Josh Reviews: Millard Fillmore: Biography of a President By Robert Rayback

While it was much easier to find a suitable biography for Fillmore than it was to find the one for Taylor, which still didn’t quite live up to what I expect out of a biography, there were no more choices. Robert Rayback’s 1959 biography of Fillmore is the definitive biography and also just about the only one worth talking about.

 

Rayback was a history professor in Syracuse, and this seems to be the only book he published – originally intended as a history of the Whig party. It’s probably telling about Fillmore that so little has been written about him – even at the time he was president he was overshadowed by larger personalities in congress. He might have had good intentions, but if Zachary Taylor was the wrong man for the job, Taylor’s understudy should never have been on the bench. Picking Fillmore for the ticket had been an effort at balancing the ticket – Taylor was a southerner, and a lot of whig support was in the north, making the forty-eight year old a solid choice to keep northern votes. Despite Tyler’s ascendance to the presidency, no one actually expected Fillmore to be president.

Fillmore’s actual life aside, I really liked this biography, and for me it proved Fillmore a surprisingly interesting man.  After reading Bauer’s Taylor biography (which only barely touched on Fillmore or his relationship to the administration) I wasn’t necessarily expecting much from Rayback, given this book’s age and the lack of scholarship on Fillmore. But I was pleasantly surprised. This is exactly the kind of biography I love to read. It was thorough about his early life without dragging too much (unlike Bauer) and gave me a satisfactory view of the things that formed Fillmore into the politician he became.

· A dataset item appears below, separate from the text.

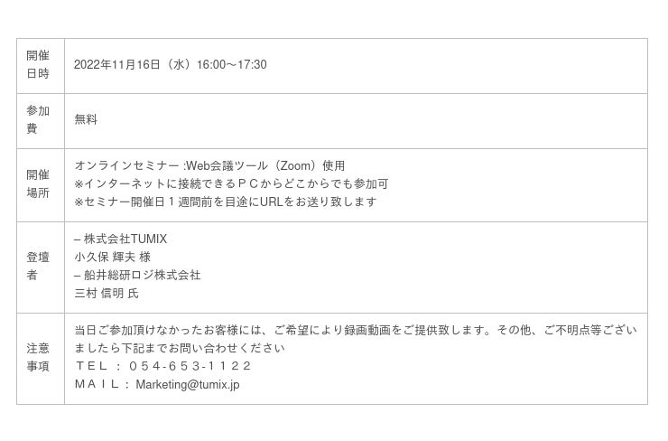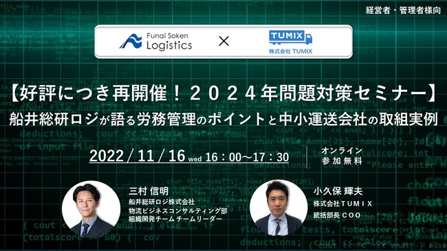 ロジスティクス・物流コンサルティングサービスを提供する船井総研ロジ株式会社(東京本社:東京都千代田区、代表:菅重宏、以下「船井総研ロジ」)のコンサルタントが、2022年11月16日(水)16:00~17:30に無料オンラインセミナー「【好評につき再開催!2024年問題対策セミナー】 船井総研ロジが語る労務管理のポイントと中小運送会社の取組実例」にて講演いたします。

Fillmore is rescued from total obscurity in this volume, which optimistically paints him as a devoted unionist who was at times too willing to forgive to be a successful politician. From his beginnings in the Anti-Masonic party to his leadership of the Whig party, the most interesting story told in this biography is of New York state politics, first against Martin Van Buren’s democratic regency and then with the unscrupulous and self-interested Thurlow Weed, who began as a Fillmore friend but would ultimately be an enemy of his administration. Painted as a man searching for political power through the creation of a sectional party, Weed was finally successful in his invasion of the Republican Party in the 1856 election.

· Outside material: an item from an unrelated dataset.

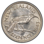 New Zealand 1943 6 Six Pence Silver Coin KM #8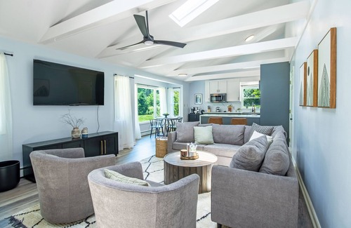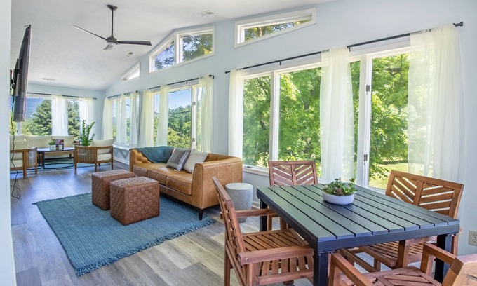 The home’s newly renovated interior showcases country living at its finest. The exposed beams of the living area accentuate the vaulted ceilings and provide a cozy atmosphere to gather with friends or family. Bask in the natural light of the sunroom that offers glimpses of the surrounding mountains or prepare a hearty feast in the fully equipped kitchen. No matter where you choose to spend your time, Midnight Rose guarantees comfort and convenience.

Fillmore is not credited with much success. Instead, historians have largely painted him as a man unwilling to offend anyone. That accusation is not entirely without merit, although Rayback paints it in the context of Fillmore’s greatest ideal: keeping the union together. Taylor’s plan to solve the problems of the lands captured in the Mexican War threatened major dissension. Fillmore, on the other hand, was instrumental in passing the Compromise of 1850. The compromise would ultimately be a significant part of what led to the civil war, and it’s hard to know if the compromise itself delayed the war or only added fuel to a pyre that was quickly growing out of control. Just having to renegotiate the Missouri compromise was a sign that things were not as balanced or peaceful as it might have seemed.

Thurlow Weed

Fillmore sought to follow the compromise to the letter. The truth is, though, that the South was the side that was most easily offended, and was on the defensive. This meant that Fillmore spent more time defending the South more than the North, which is why he became the Southern Whig’s choice for president in the 1852 election .

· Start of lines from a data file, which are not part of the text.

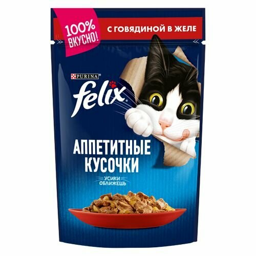 Felix Аппетитные кусочки полнорационный влажный корм для кошек, с говядиной, кусочки в желе, в паучах - 75 г х 26 шт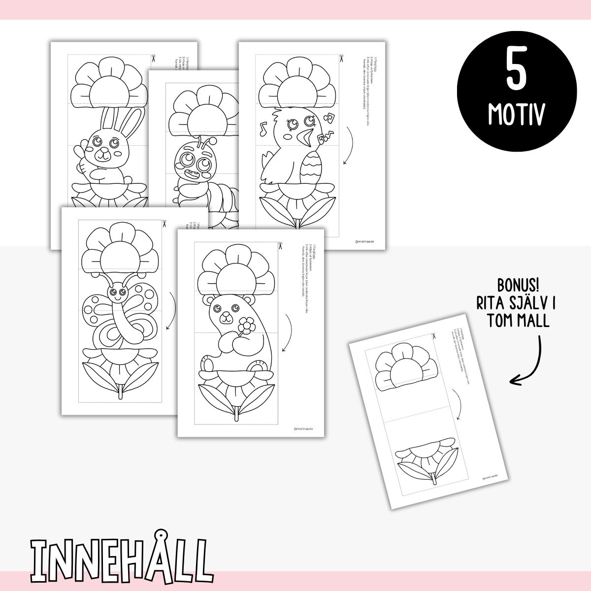 Innehåller Fem blommor med färdiga motiv: fjäril, björn som håller i en blomma, larv, fågel som kvittrar och kanin med en morot
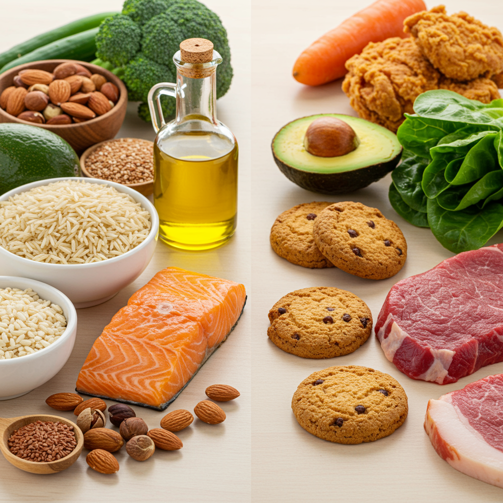 - 포화지방 및 트랜스지방 섭취 최소화: 붉은 육류의 기름진 부위, 가공식품(과자, 빵, 튀김류), 버터, 치즈 등에는 포화지방과 트랜스지방이 많습니다. 이들은 LDL 콜레스테롤 수치를 직접적으로 높이는 주범이므로 섭취를 최대한 줄여야 합니다.

Fillmore’s other presidential achievements were pretty small, but he was a great supporter of trade, and for improvements Buffalo’s canal and trading port especially. Disdaining conflict in the name of expansion, he managed to do very little in pursuit of a canal over the central American isthmus and was against spreading manifest destiny, disowning a crew of Americans who attempted to overthrow the Cuban government. He was also responsible for sending Commodore Perry to Japan (which would, after his presidency, open up trade relations) and successfully opposed European influence in Hawaii as a supporter of Pacific trade.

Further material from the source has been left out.